Recommander aux sites de presse généraliste de bannir de leurs espaces publicitaires les liens sponsorisés renvoyant vers des sites pièges-à-clics de désinformation" (reco 8)
- "Introduire un nouvel article dans la loi sur la confiance dans l'économie numérique" : sur responsabilité civile liée à la publication d'informations que l'on sait inexacte (en complément de l'article 27 de la loi d 29 juillet 1881 sur la liberté de la presse, article 27 qui porte sur des actions pénales en cas de diffusion publique de fausses nouvelles) (reco 18)
- "Exiger des plateformes qu'elles ouvrent aux chercheurs l'accès à leurs données : veiller à ce que, dans le DSA (Digital Services Act, la loi sur les services numériques de l'Union européenne), les modalités entourant l'obligation pour les plateformes d'accéder à leurs données forment un cadre optimal permettant aux chercheurs de procéder à des recherches contribuant à la compréhension des risques systémiques (dont fait partie la désinformation) dans les meilleures conditions" (reco 20)

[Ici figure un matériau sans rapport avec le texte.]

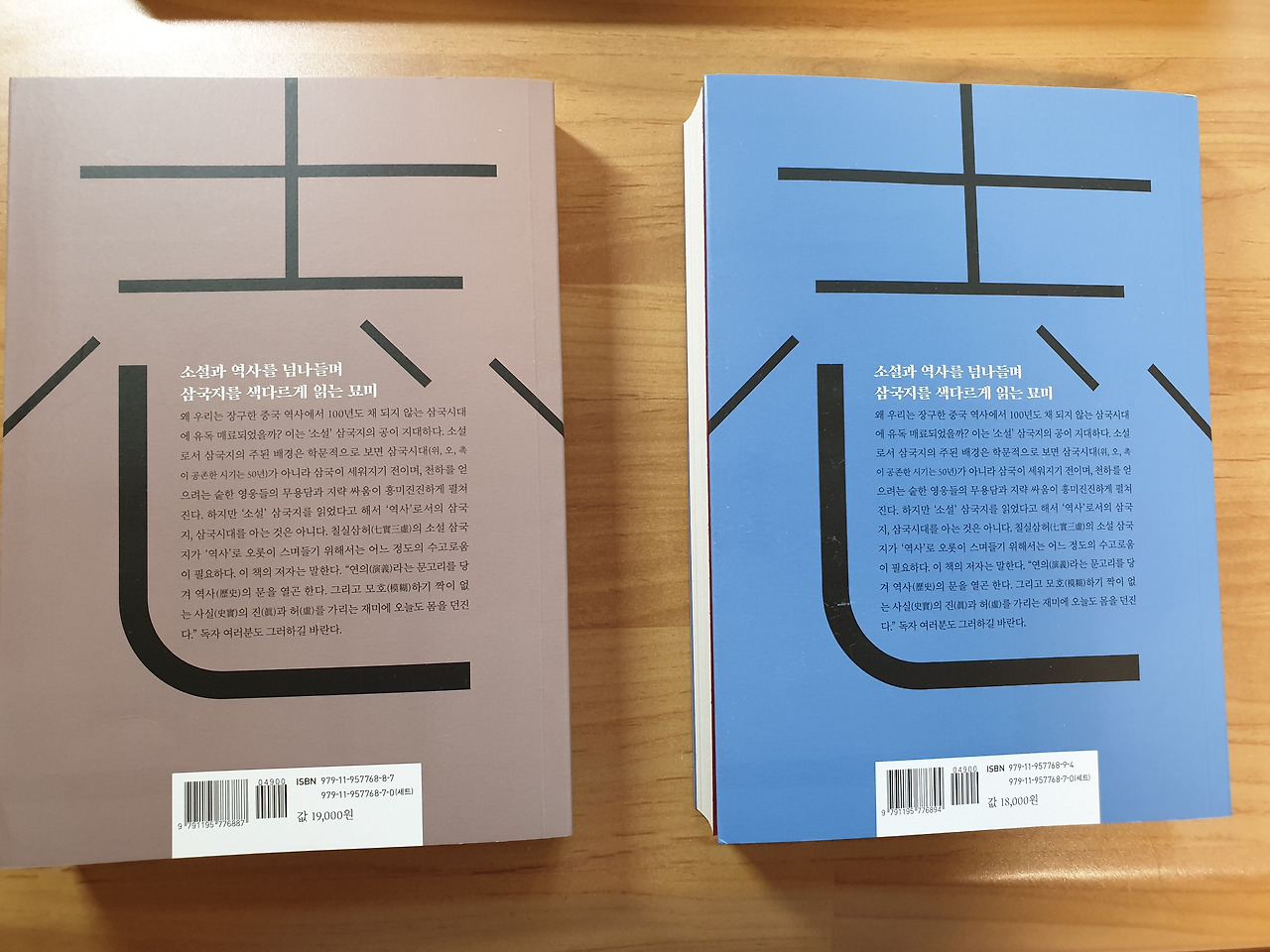 삼국지(三國志)를 구성하는 한자를 앞뒤 표지에 형상화하여 표지에 활용했습니다. 약간 기호화한 면이 있는거 같은데 간단한 이미지로 '삼국지'라는 것을 설명한 책이라는 의미를 잘 표현한거 같습니다.

- "Créer un régime de co-régulation entre plateformes, régulateurs, et société civile dans le cadre du DSA" (reco 23)
- Faire du développement de l'esprit critique et de l'EMI (Education aux Médias et à l'Information) une grand cause nationale" (reco 26)
- "Développer la formation à l'esprit critique et à l'EMI dans la société civile" (reco 29)

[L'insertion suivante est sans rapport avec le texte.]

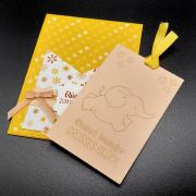 Der Geschenkanhänger wird mit einem farblich abgestimmten Band gehalten.

- "Saisir le Comité national pilote d'éthique du numérique de la question des mondes numériques et de la réalité virtuelle et augmentée : l'immersion croissante des utilisateurs dans des mondes numériques où la distinction entre le réel et le virtuel s'efface progressivement peut entraîner des risques éthiques. Le projet de Métavers annoncé par Meta (ex-Facebook) ou le projet de Metaverse Seoul pourraient accélérer ce phénomène. Une première réflexion au niveau national pourrait conduire à la constitution d'un groupe international multi-acteurs pour prévoir un encadrement éthique au développement de ces environnements numériques." (reco 30)
En conclusion
Ne jetons pas le bébé avec l'eau du bain surtout.

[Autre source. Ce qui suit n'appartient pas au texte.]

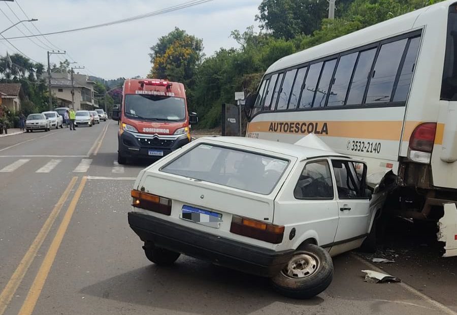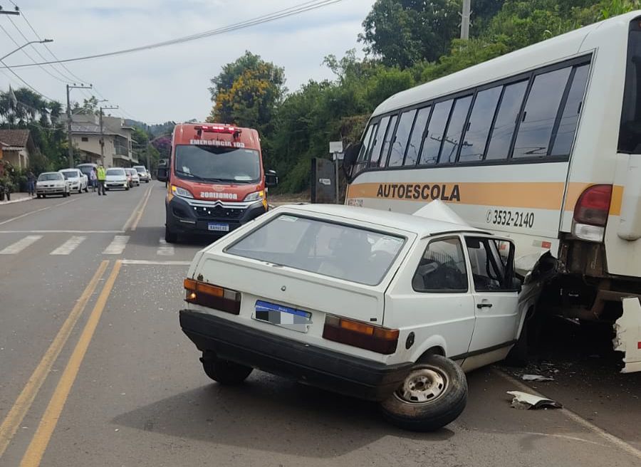 Carro colide contra micro-ônibus estacionado no centro de Tangará

Le bébé c'est internet. Notons des initiatives vraiment bonnes : Tela Botanica par exemple, qui permet de mise en réseau de dizaine de milliers de botanistes (cité p. 156), le jeu Foldit, qui propose de résoudre des énigmes scientifiques par l'exploration collective de possibles (cité p. 157), des pistes de revitalisation de la vie démocratique sont réelles, comme comme le montre une expérimentation à Taïwan (cité p. 158). Lê Nguyên Hoang, chercheur en informatique et vulgarisateur scientifique à l'Ecole polytechnique à l'école fédérale de Lausanne, propose de développer un algorithme vertueux qui suggérerait des recommandations - des vidéos par exemple - en intégrantune évaluation collective de la pertinence et de l'utilité d'un contenu (cité p. 204).
Ce livre est riche de références sur le web moderne et intéressera tout chercheur et citoyen d'en découvrir les arcanes. La bibliographie est indiquée chapitre par chapitre en fin d'ouvrage.
Il positionne 30 recommandations sur une carte des acteurs représentés en trois cercles : le secteur public, le secteur privé et la société civile (cette carte se situe à la p. 163 de l'ouvrage).